To make sense of lncRNAs, scientists are trying to understand how they appeared in the genome and whether they can be grouped into classes according to their activity. In a recent study published in the journal Genome Biology, Ulitsky and his team – research students Hadas Hezroni, Gali Housman and Zohar Meir, and staff scientists Drs. Rotem Ben-Tov Perry and Yoav Lubelsky – managed to identify a class of mammalian lncRNAs that had evolved from more ancient genes by taking on new functions.
The scientists started out with the assumption that evolution is an economical process: If a gene loses its function, it is likely to be “recycled” for different purposes in the cell. “Just as bricks from a ruined monument can help to build a new house, so genes that went out of use can find new roles in the cell in the course of evolution,” Ulitsky explains.
His team members developed a series of algorithms that enabled them to find such “recycled” genes in the mammalian genome. First, they identified nearly 1,000 genes that code for proteins in chickens, fish, lizards and other non-mammalian vertebrates, but not in humans, dogs, sheep and other mammals. The scientists hypothesized that at least some of these genes, after losing their protein-coding function, started manufacturing lncRNAs in mammals. By comparing “gene neighborhoods” in the vicinity of lncRNAs and of genes that had stopped coding for proteins, the researchers revealed that indeed, about 60 lncRNA genes in mammals – or 2% to 3% of lncRNAs shared by humans and other mammalian species – appear to be derived from ancestral genes. Their genetic sequence is in some cases similar to that of the ancient genes, but they have lost their protein-coding ability.

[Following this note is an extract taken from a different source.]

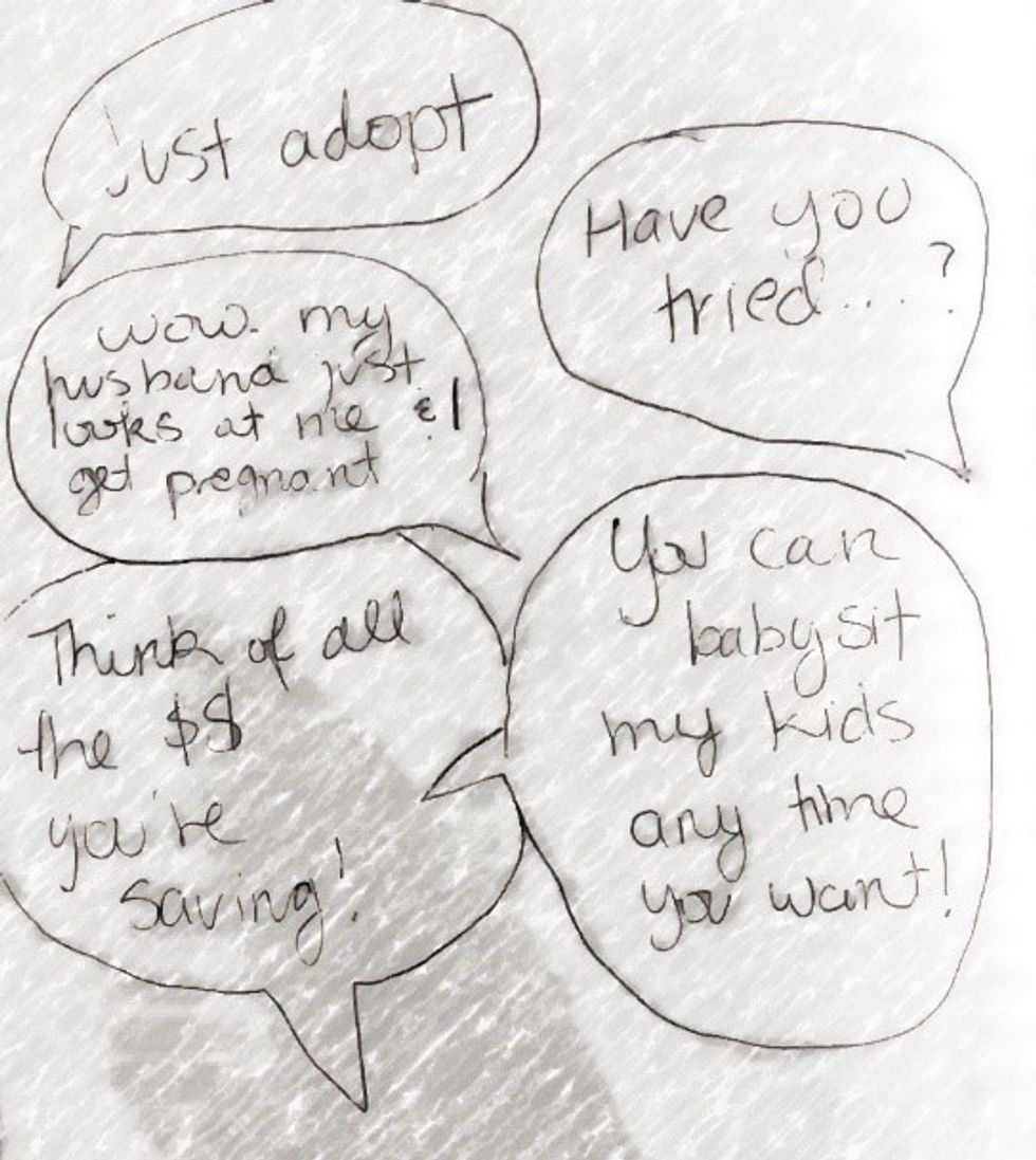 But it needs to be. Women, men, families, mothers, fathers, couples-everyone needs to hear about it, talk about, and feel comfortable when it’s brought up. They need to know how to appropriately respond when someone confides in them that they are struggling with infertility. It’s hard enough to be left in the dark with this disease. Yet society forces us back into the emptiness every time we are questioned about our lack of offspring. It doesn’t matter what we say, because inevitably, one of the following ignorant responses will be thrown back at us:

“It is hard to know what caused these genes to lose their protein-coding potential more than 200 million years ago, when mammals evolved from their vertebrate ancestors,” Ulitsky says. “But the fact that these genes have been conserved in the genome for so long suggests that they play important roles in the cell.”

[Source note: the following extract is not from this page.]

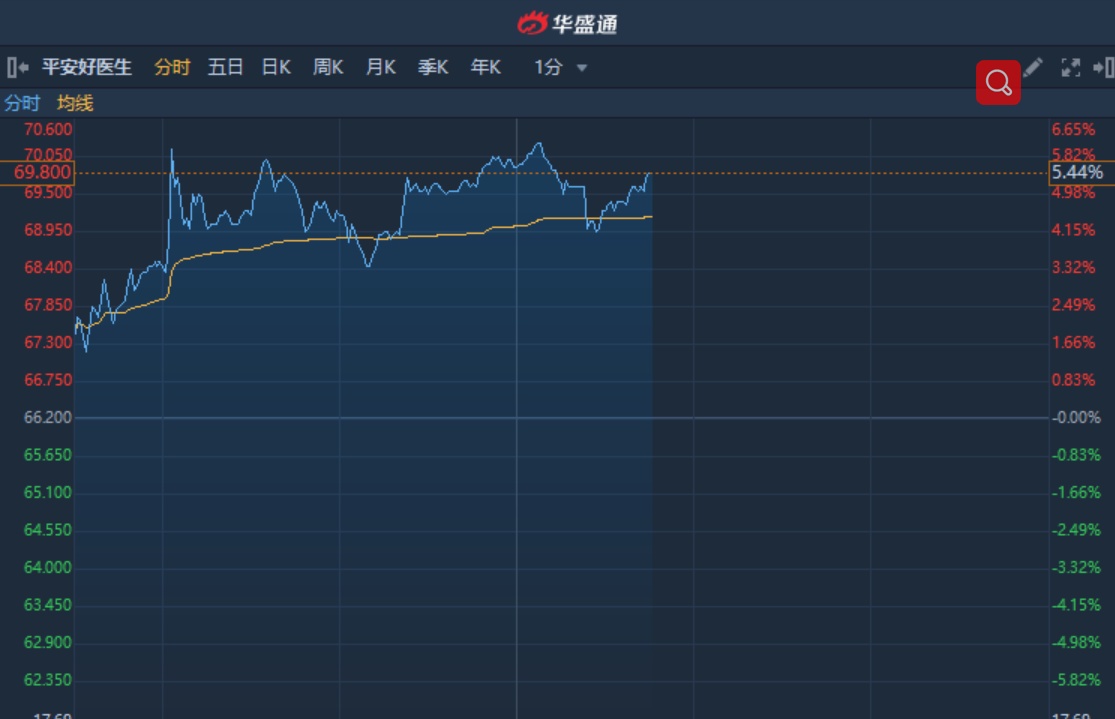 智通财经APP获悉,平安好医生(01833)将于本月11日披露年度业绩,该股盘中放量上扬逾5%,截至13时45分,涨5.44%,报价69.8港元,成交额2.699亿。值得注意的是,该股年初至今累计涨幅超23%。

Identifying such “fossils” of protein-coding genes in the mammalian genome will facilitate further study of human lncRNAs and may ultimately help scientists understand what happens when their function is disrupted. For example, lncRNAs help create different types of neurons in the fetal brain; their failure to properly determine the fate of these neurons may contribute to epilepsy. Because lncRNAs are involved in controlling cell division, their malfunction may be implicated in cancer. Finally, manipulating lncRNAs may make it possible to treat certain genetic disorders.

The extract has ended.